** Source material **

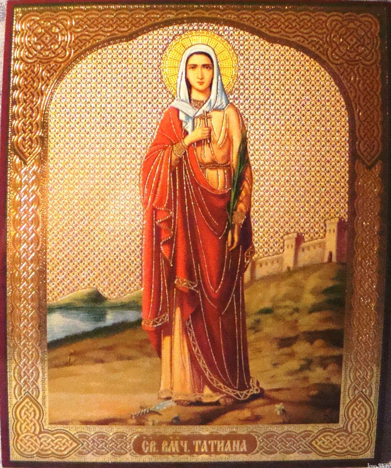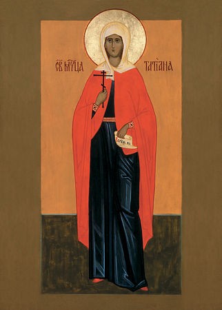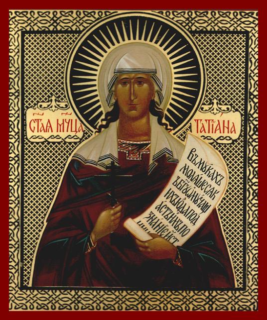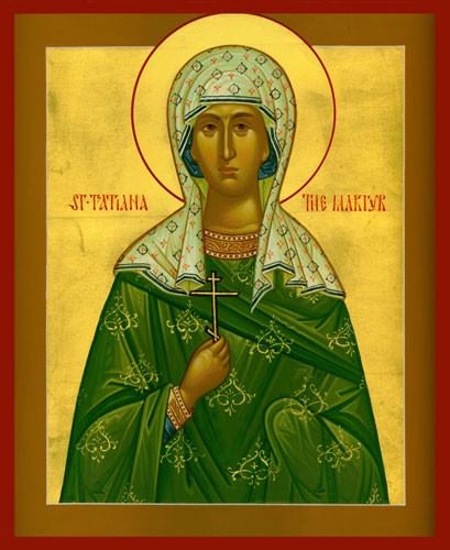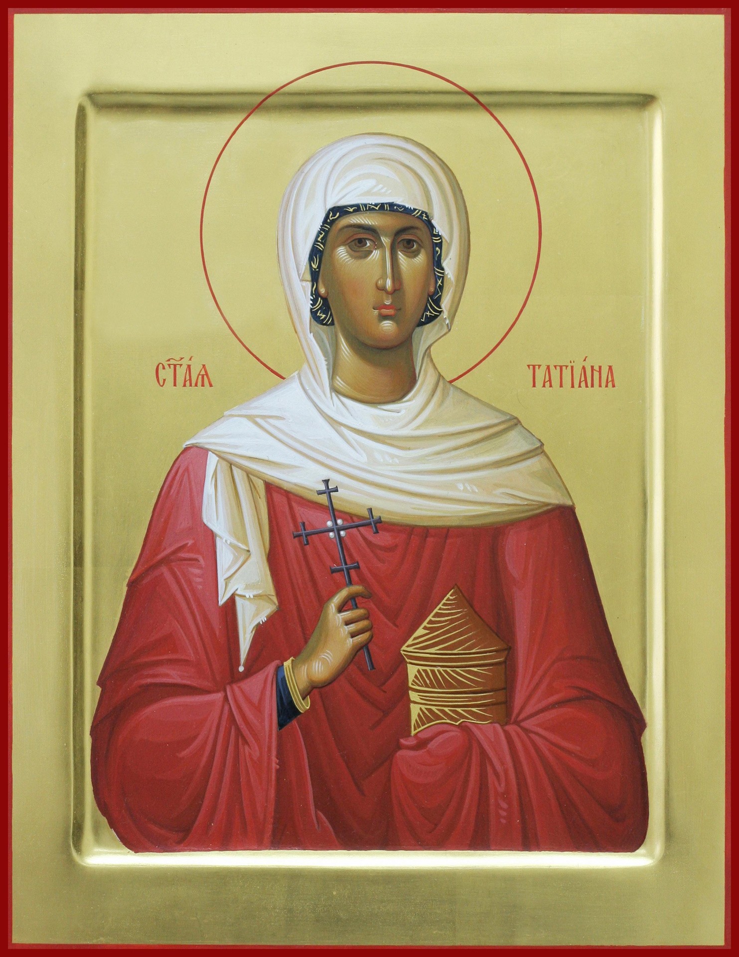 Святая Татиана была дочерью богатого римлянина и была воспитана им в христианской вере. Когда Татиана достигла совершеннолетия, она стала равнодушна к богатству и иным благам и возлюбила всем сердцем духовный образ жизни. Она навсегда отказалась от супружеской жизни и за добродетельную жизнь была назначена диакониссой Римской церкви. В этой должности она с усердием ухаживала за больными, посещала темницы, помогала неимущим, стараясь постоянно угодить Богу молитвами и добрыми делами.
* * *
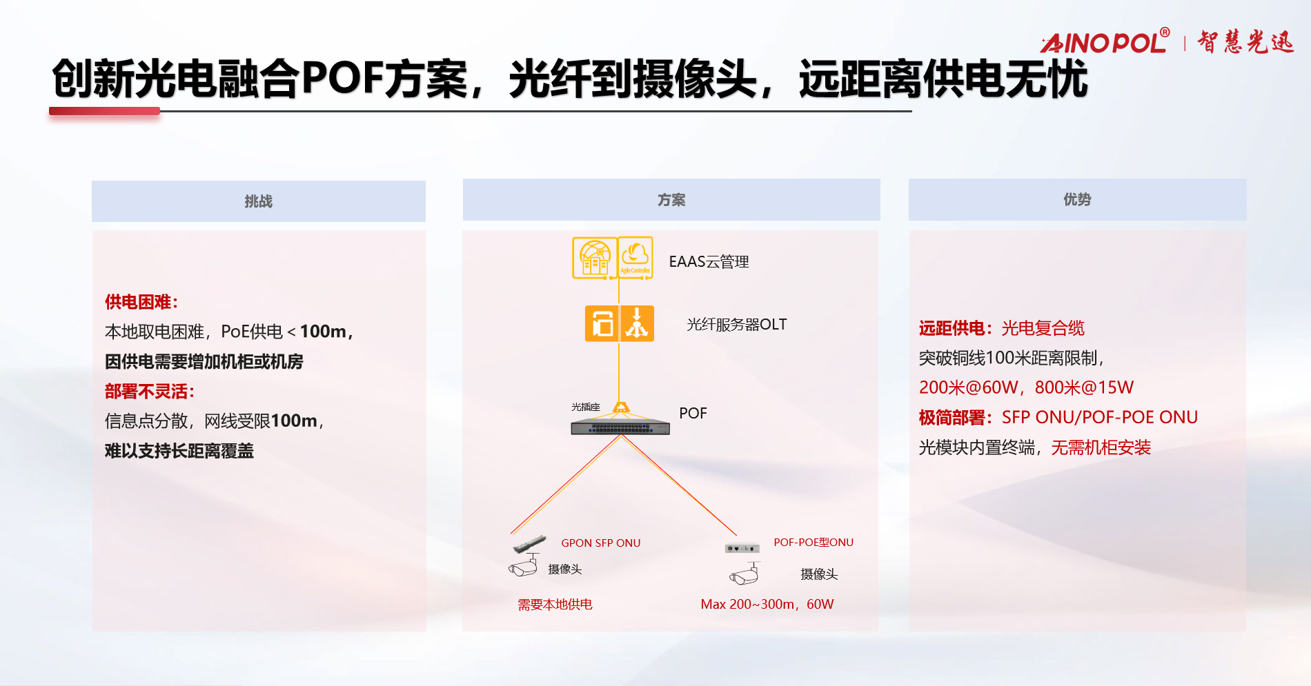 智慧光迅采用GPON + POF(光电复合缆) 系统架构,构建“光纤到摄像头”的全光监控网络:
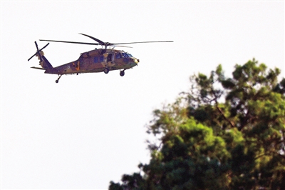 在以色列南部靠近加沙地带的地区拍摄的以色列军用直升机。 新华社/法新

** Problem description **
Your answer must be the lines above from the one holding "智慧光迅采用GPON + POF(光电复合缆)" up to and including the one holding "在以色列南部靠近加沙地带的地区拍摄的以色列军用直升机。 新华社/法新", exact and with no pictures.

** Task response **
 智慧光迅采用GPON + POF(光电复合缆) 系统架构,构建“光纤到摄像头”的全光监控网络:
 在以色列南部靠近加沙地带的地区拍摄的以色列军用直升机。 新华社/法新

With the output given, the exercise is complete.